Primary parathyroid hyperplasia is often caused by fire. Almost all the four parathyroids proliferate, and the weight can reach hundreds of times of normal. However, the proliferation is not evenly distributed. Generally, the proliferation of the upper parathyroid is more significant. So, how do some patients treat parathyroid hyperplasia?, Today I'd like to share this with you.

How is parathyroid hyperplasia treated?

First: general treatment: diet should be high calcium, low phosphorus diet, limit milk and other dairy products, egg yolk, cauliflower and other high phosphorus food intake. Try to avoid the use of drugs that can aggravate hypocalcemia, such as contraceptives, glucocorticoids, diazepam, phenytoin sodium, phenobarbital and other preparations.

Second: tetany or convulsion: must be treated with intravenous calcium, usually 10% calcium gluconate. It should be noted that the concentrated calcium solution can stimulate the vein. If it overflows out of the vein, it can cause severe inflammation of soft tissue. Therefore, the calcium injection should be diluted with glucose and slowly injected intravenously for 5-10 minutes. Direct injection should be avoided. If necessary, it can be reused after 1-2 hours.

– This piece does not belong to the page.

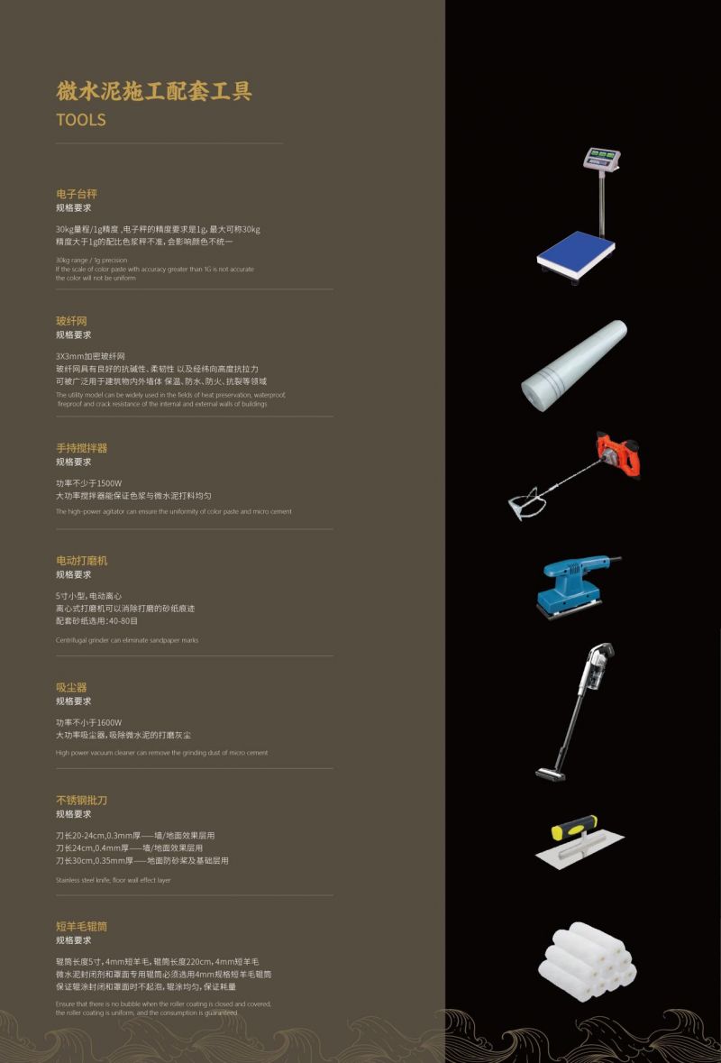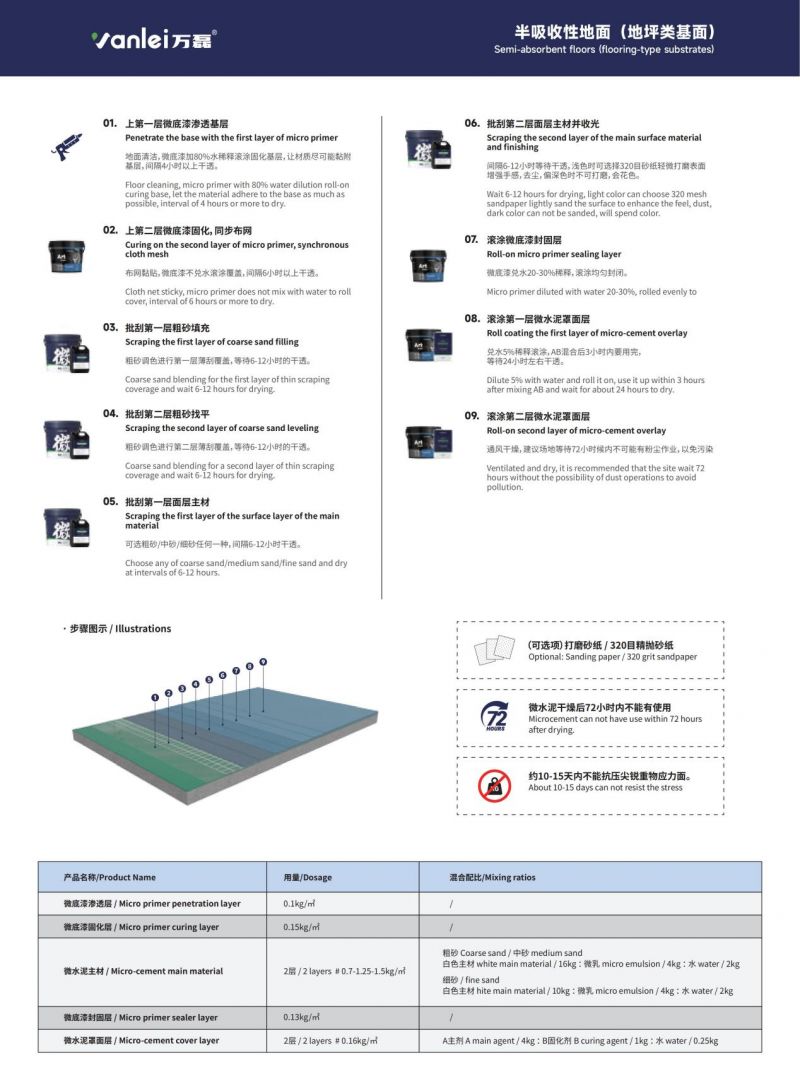 材料時效:混合后的微水泥需在3小時內使用完畢

Third, if the blood calcium level of PA patients is as low as 2.0 mmol / L, but there is no tetany or only slight neuromuscular symptoms, they can only take calcium orally. The daily intake of calcium is 3-6 g (1-2 g elemental calcium), and the blood calcium should be controlled at 2.13-2.25 mmol / L; When the blood calcium rises to 2.25-2.5 mmol / L, the urinary calcium excretion is three times of that of normal people. Urinary calculi are easy to occur, and renal failure may occur in severe cases.

matters needing attention

Patients with parathyroid hypothyroidism have the following conditions, suggesting that the condition is serious: long-term and severe hypocalcemia, disappearance of reflex, repeated convulsions, optic disc edema and intracranial pressure increase, cataract formation and multiple intracranial calcification. Q-T interval was significantly prolonged. If the parathyroid hypothyroidism of pregnant women is not well controlled, the fetus may suffer from long-term hypocalcemia, resulting in secondary hyperparathyroidism and severe neonatal decalcification. Although the neonatal secondary hyperparathyroidism is transient, it may be complicated with fracture and die. The prognosis is generally good. However, it is necessary to prevent the formation of hypercalcemia, hypercalcemia, arrhythmia and kidney stones.